While the 18th-century forest was dominated by white pine and some red pine, the harvesting of the white pine has only left small patches of the species in the area.
Different tree species can be quickly spotted at different times on the ride north, including sugar maples, red maples and even the odd yellow birch tree, Gordon said.
Various patches of forest also appear to have an abundance of white birch, indicating the temporary growth that typically comes after fires, he says looking out the train window.
“Our forests change as nature affects it,” Gordon said. “White pines had been cut so thoroughly that the little stragglers that were left at the time of the cuts have now reproduced . . . but they're not nearly as big as they once were.”
Gordon said that decades ago there was no thought about forest regeneration, but travelling by train through the north shows, to the trained eye, what had been done in the past and how it has affected today's forests.

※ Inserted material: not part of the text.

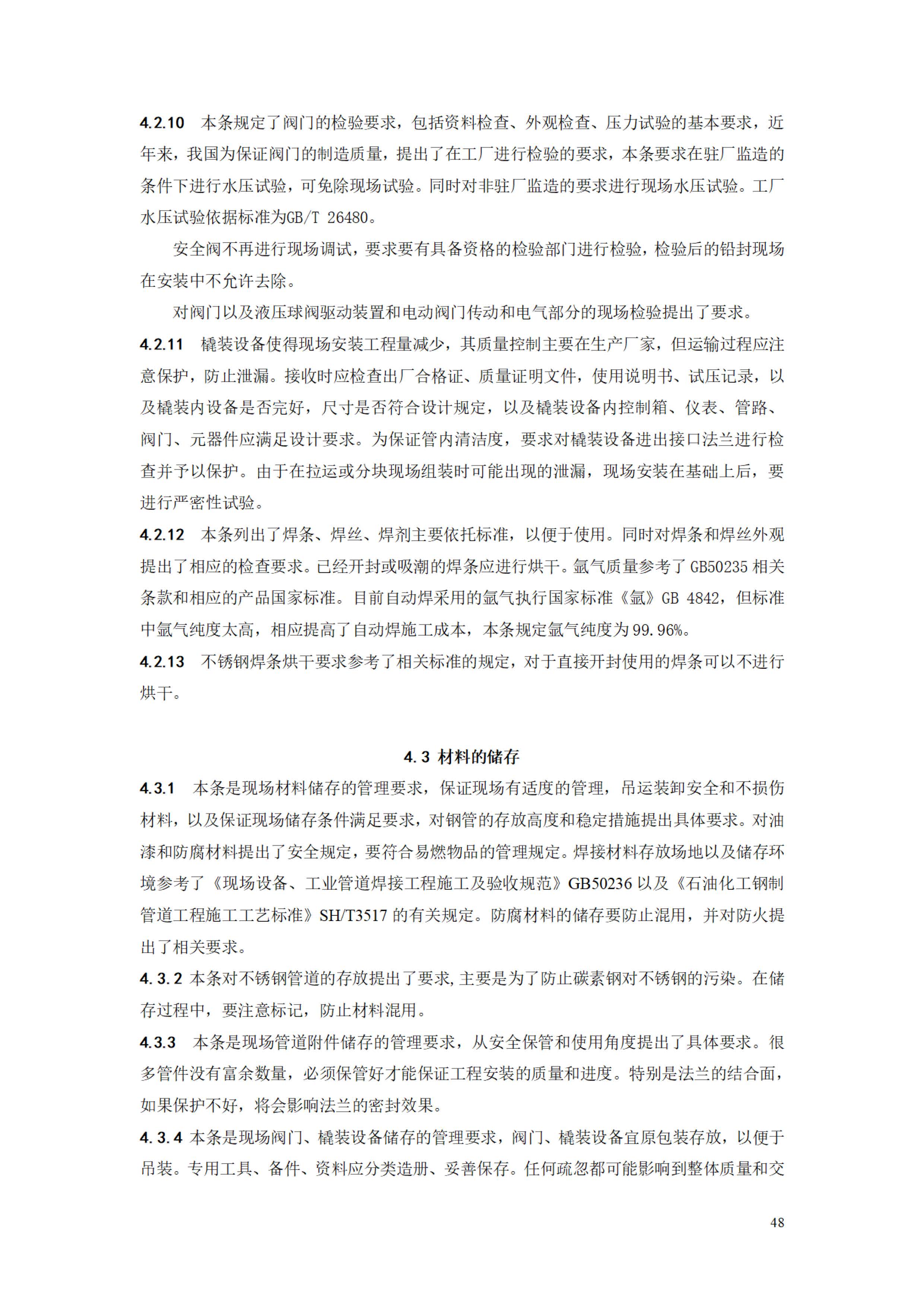 4.3.4 本條是現場閥門、橇裝設備儲存的管理要求,閥門、橇裝設備宜原包裝存放,以便于吊裝。專用工具、備件、資料應分類造冊、妥善保存。任何疏忽都可能影響到整體質量和交工驗收。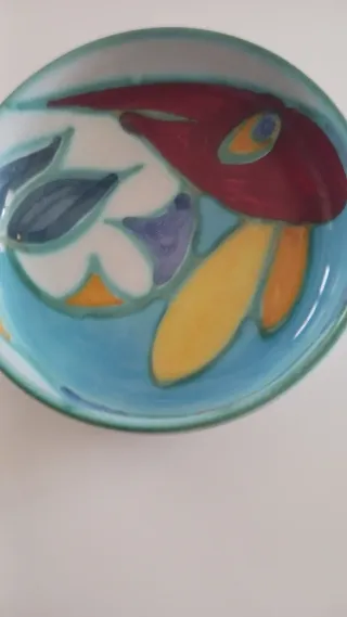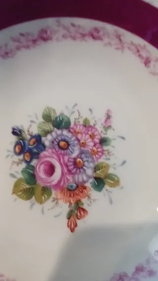 Elegante ciotola Limoges con un delicato motivo floreale al centro. Può essere uno svuota tasche, porta cioccolatini o semplicemente un soprammobile - Bordo decorato con una fascia color prugna. - Motivo floreale dipinto a mano con rose, margherite e fiori blu. - Finitura lucida. - diametro cm 13

“Bad forestry in the past as resulted in the loss of species and you can see it when you travel like this,” Gordon said.
It's the trees, terrain and waterways that are the attraction that keeps Jerry Nowak coming back year after year.
The Milwaukee, Wisc., resident has been returning to the train ride since the mid-1990s to kayak down the Montreal River.
“The train dropped me and my kayak off last week and I came out 35 miles away today,” he said.
“Years ago when I came here with some family members we were told that we could cross the bridge and paddle the 35-mile distance and once I did it once, I was hooked,” he said.
Nowak's personal kayaking diary shows he's completed the trip at least seven times since 2001, each time noting a little something about nature, the water or the weather.
“If this train stops running, this will be missed,” he said. “I always look forward to this trip. I've kayaked in other areas along Lake Superior and the North Shore but there's something about riding the train and paddling here. . . it's in my blood and I can't get away from it.”